Assignment –
Output the data verbatim, minus the images.

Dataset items
________________________

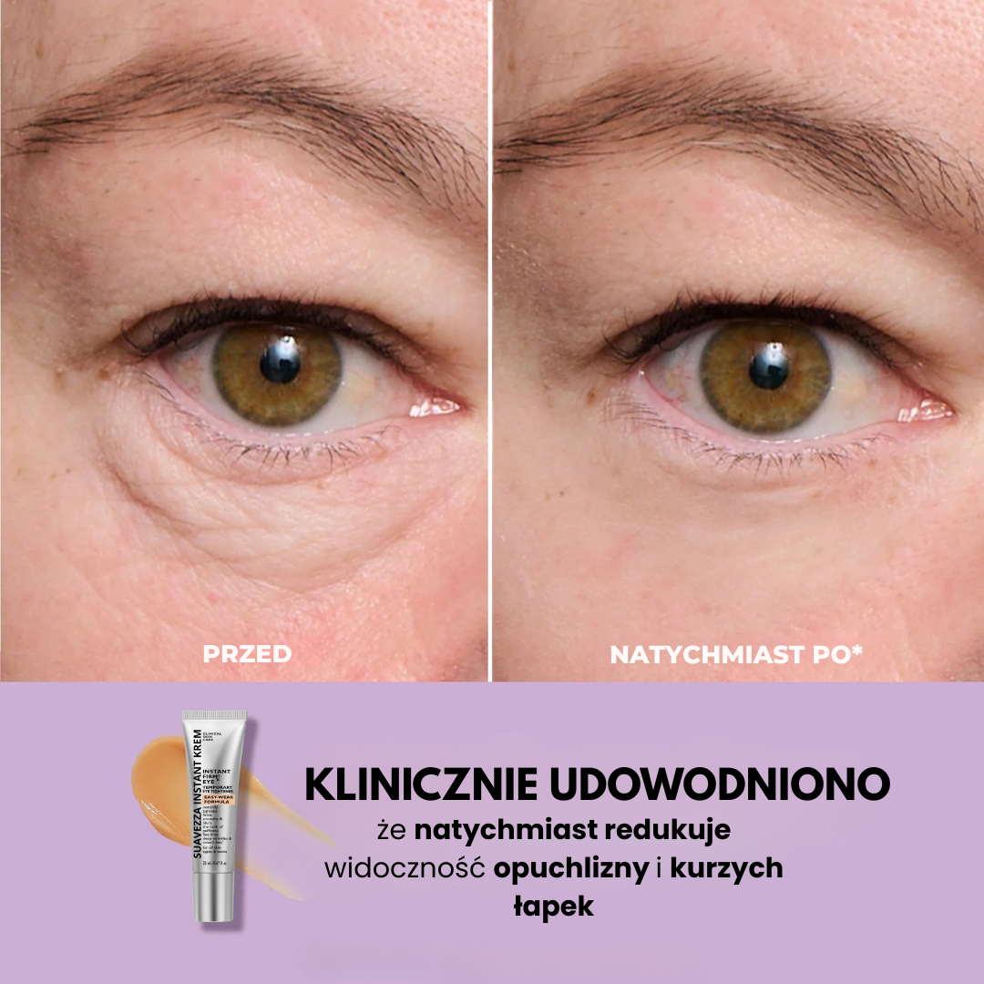 "Próbowałam tylu kremów i zawsze kończyło się rozczarowaniem – biały osad, efekt na chwilę albo podrażnienia. Suavezza naprawdę działa i co najlepsze: skóra wokół oczu wygląda coraz lepiej z każdym dniem."
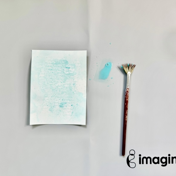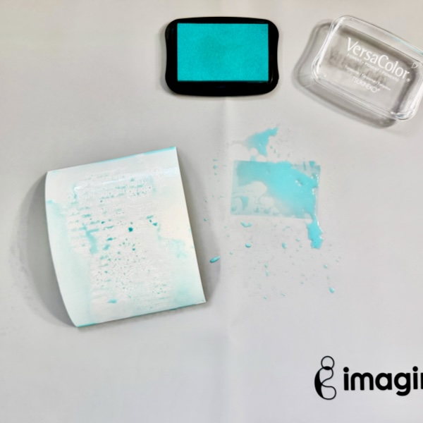 Dab some inks of the VersaColor Turquoise ink pad on the craft mat and then spray with some water. Smoosh the watercolor panel into the ink on the craft mat, dry the ink, and repeat the smooshing and drying the ink as needed.
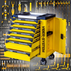 Viber-System SZN254 to wózek narzędziowy klasy premium, stworzony dla wymagających mechaników, serwisów technicznych oraz użytkowników ceniących porządek i efektywną pracę. Solidna konstrukcja ze stali SPCC, wykończona trwałą powłoką proszkową, zapewnia odporność na intensywną eksploatację, uderzenia i korozję – idealny wybór do profesjonalnych warsztatów i garaży.
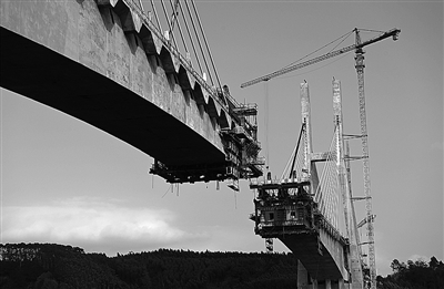 圖為在廣西南寧南深高鐵南玉段六律邕江特大橋建設現場,中鐵十四局集團工人在建設施工中。
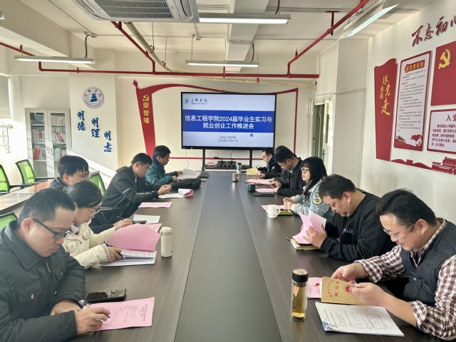 为深入贯彻落实全省和学校2024届高校毕业生就业创业工作会议精神,研究部署做好2024届毕业生就业创业工作,12月27日下午,信息工程学院在知新楼614召开2020届毕业生实习与就业创业工作推进会,学院领导班子、系主任、专业负责人、毕业班辅导员和中兴通讯教师参加会议。会议由陈秀里副书记主持。
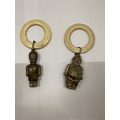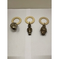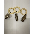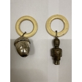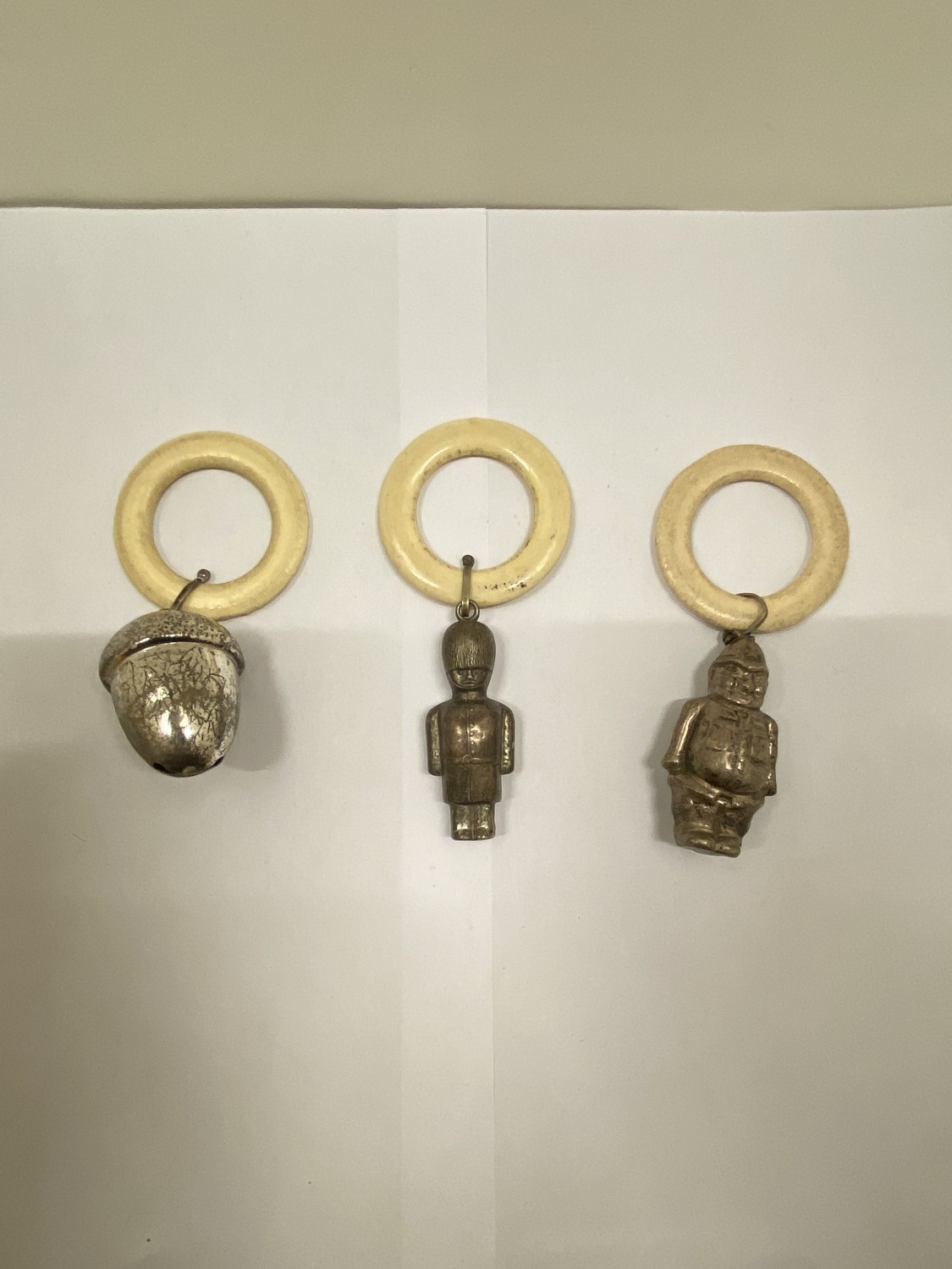 THREE VINTAGE WHITE METAL RATTLES, AN ACORN, POLICEMAN AND SOLDIER
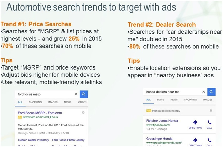 The automotive industry, in particular, has been drastically affected by these searches. In the past year, search interest for “car dealerships near me” has doubled. According to Google, interest in dealer phone numbers from these searches has risen nearly 80% year over year. It’s important for marketers at both the dealer level and at the OEM tier to take advantage of this opportunity, provide phone numbers, and enable customers to easily call them.
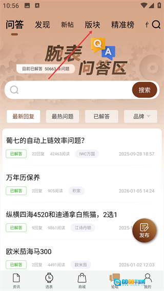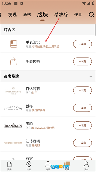 3、在版块分类界面中,选择【手表知识】版块。
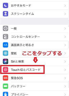 最初の画面下の中盤にある「Touch IDとパスコード」という項目を押しましょう。

________________________

Response box –
 "Próbowałam tylu kremów i zawsze kończyło się rozczarowaniem – biały osad, efekt na chwilę albo podrażnienia. Suavezza naprawdę działa i co najlepsze: skóra wokół oczu wygląda coraz lepiej z każdym dniem."
 Dab some inks of the VersaColor Turquoise ink pad on the craft mat and then spray with some water. Smoosh the watercolor panel into the ink on the craft mat, dry the ink, and repeat the smooshing and drying the ink as needed.
 Viber-System SZN254 to wózek narzędziowy klasy premium, stworzony dla wymagających mechaników, serwisów technicznych oraz użytkowników ceniących porządek i efektywną pracę. Solidna konstrukcja ze stali SPCC, wykończona trwałą powłoką proszkową, zapewnia odporność na intensywną eksploatację, uderzenia i korozję – idealny wybór do profesjonalnych warsztatów i garaży.
 圖為在廣西南寧南深高鐵南玉段六律邕江特大橋建設現場,中鐵十四局集團工人在建設施工中。
 为深入贯彻落实全省和学校2024届高校毕业生就业创业工作会议精神,研究部署做好2024届毕业生就业创业工作,12月27日下午,信息工程学院在知新楼614召开2020届毕业生实习与就业创业工作推进会,学院领导班子、系主任、专业负责人、毕业班辅导员和中兴通讯教师参加会议。会议由陈秀里副书记主持。
 THREE VINTAGE WHITE METAL RATTLES, AN ACORN, POLICEMAN AND SOLDIER
 The automotive industry, in particular, has been drastically affected by these searches. In the past year, search interest for “car dealerships near me” has doubled. According to Google, interest in dealer phone numbers from these searches has risen nearly 80% year over year. It’s important for marketers at both the dealer level and at the OEM tier to take advantage of this opportunity, provide phone numbers, and enable customers to easily call them.
 3、在版块分类界面中,选择【手表知识】版块。
 最初の画面下の中盤にある「Touch IDとパスコード」という項目を押しましょう。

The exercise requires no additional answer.